As a novice 'Go' experimenter I can not get Buffered Asynchronous
Channels to
work without using the time.Sleep function.
When I remove the time.sleep function from my code Goroutines/
processes fail to hook up.
Is this the norm or is there a proper design pattern for this.
Robert Sexmith
chanleng.go follows:
package main
import (
"fmt"
"time"
"os"
"strconv"
)
func f(zcnt int, fchan chan<- string) {
var outstring string
print("f_", zcnt, "\n")
outstring = "OutString_" + strconv.Itoa(zcnt)
fchan <- outstring
}
func fout(fchan <-chan string) {
var zflag bool
for {
if len(fchan) > 0 {
fmt.Println(<-fchan)
zflag = true
} else {
time.Sleep(1)
if len(fchan) == 0 && zflag == true {
os.Exit(0)
}
}
}
}
func main() {
var fchan = make(chan string, 25)
go fout(fchan)
for i := 1; i < 26; i++ {
go f(i, fchan)
}
print("forever loop\n")
for {
time.Sleep(1)
}
}
> As a novice 'Go' experimenter I can not get Buffered Asynchronous
> Channels to
> work without using the time.Sleep function.
> When I remove the time.sleep function from my code Goroutines/
> processes fail to hook up.
>
> Is this the norm or is there a proper design pattern for this.
You should not have to sleep to make channels work.
> func fout(fchan <-chan string) {
> var zflag bool
> for {
> if len(fchan) > 0 {
> fmt.Println(<-fchan)
> zflag = true
> } else {
> time.Sleep(1)
> if len(fchan) == 0 && zflag == true {
> os.Exit(0)
> }
> }
> }
> }
Calling len on a channel and using that to make a decision tends to
indicate a race condition. The state of the channel can change
between the time you call len and the time you use the result of len.
You should instead just receive a value. Use a nonblocking receive if
appropriate.
Indicate end-of-data on a channel by sending a marker value or by
calling close().
Ian
I modified the func fout -- see below:
to receive a value via
the idiom receiveval, ok = <- fchan.
instead of getting the length of the channel, testing length>0 then
action ...
Still requires the time.Sleep(1) in func fout() to run.
Somehow the funct fout -- forever loop is locking/block the fchan
channel
and time.Sleep(1) frees the lock/block.
Ian also points out a technique to handle end of channel data
without using os.Exit(0).
My example is a concept test where I force my program to exit.
What I am really experimenting with is with continuous communications
that has no end of channel data. Example a continuous data feed
from some sensor on some weather station or the like.
Robert Sexmith
Modified func fout() follows:
func fout(fchan <-chan string) {
var ok, zflag bool
var dastring string
for {
time.Sleep(1)
dastring, ok = <-fchan
if ok {
fmt.Println(dastring, ok)
zflag = true
} else {
if zflag {
os.Exit(0)
}
}
}
}
On Dec 22, 12:25 am, Ian Lance Taylor <i...@google.com> wrote:
There should be no need to write loops like this:
reading from fchan will block until a new value is ready.
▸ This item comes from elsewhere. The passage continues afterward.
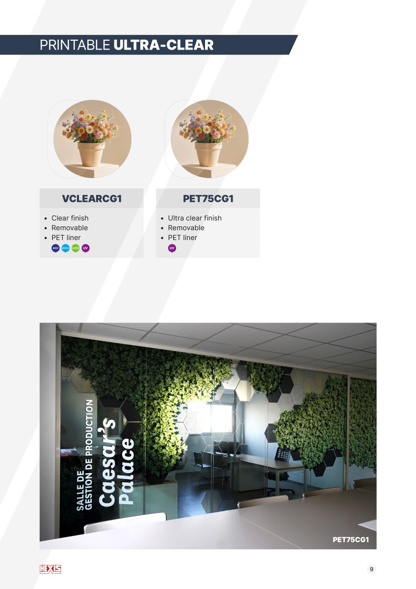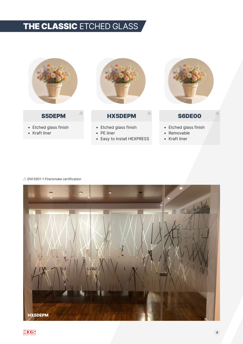 Řada HEXGLASS od společnosti HEXIS nabízí široké spektrum samolepicích fólií určených pro dekoraci, informování i ochranu skla v interiérech i exteriérech. Tyto materiály se používají v kancelářích, obchodních centrech, hotelích, zdravotnických zařízeních, školách, bankách i veřejných budovách .

If the code needs to do something else concurrently with
reading from fchan, it can use another goroutine.
If that activity has to coordinate with the read from
fchan, it can talk to the fchan reader using a channel.
(The fchan reader would then select on both channels.)
Russ
I rewrote func fout()
func fout(fchan <-chan string) {
for {
fmt.Println(<-fchan)
}
}
This code runs, does not require time.Sleep() inside func fout() and
handles a continuous data feed on a channel
within the role of a server that should run nonstop forever. -- But
it runs forever and does not care when
the 26 indeterminate goroutines finished. For my test code -- To force
an exit I could within func main -- sleep for time
or within func fout -- I could use the same loop count I used to
spawn the goroutines.
Question: So why did I write the loops like I did?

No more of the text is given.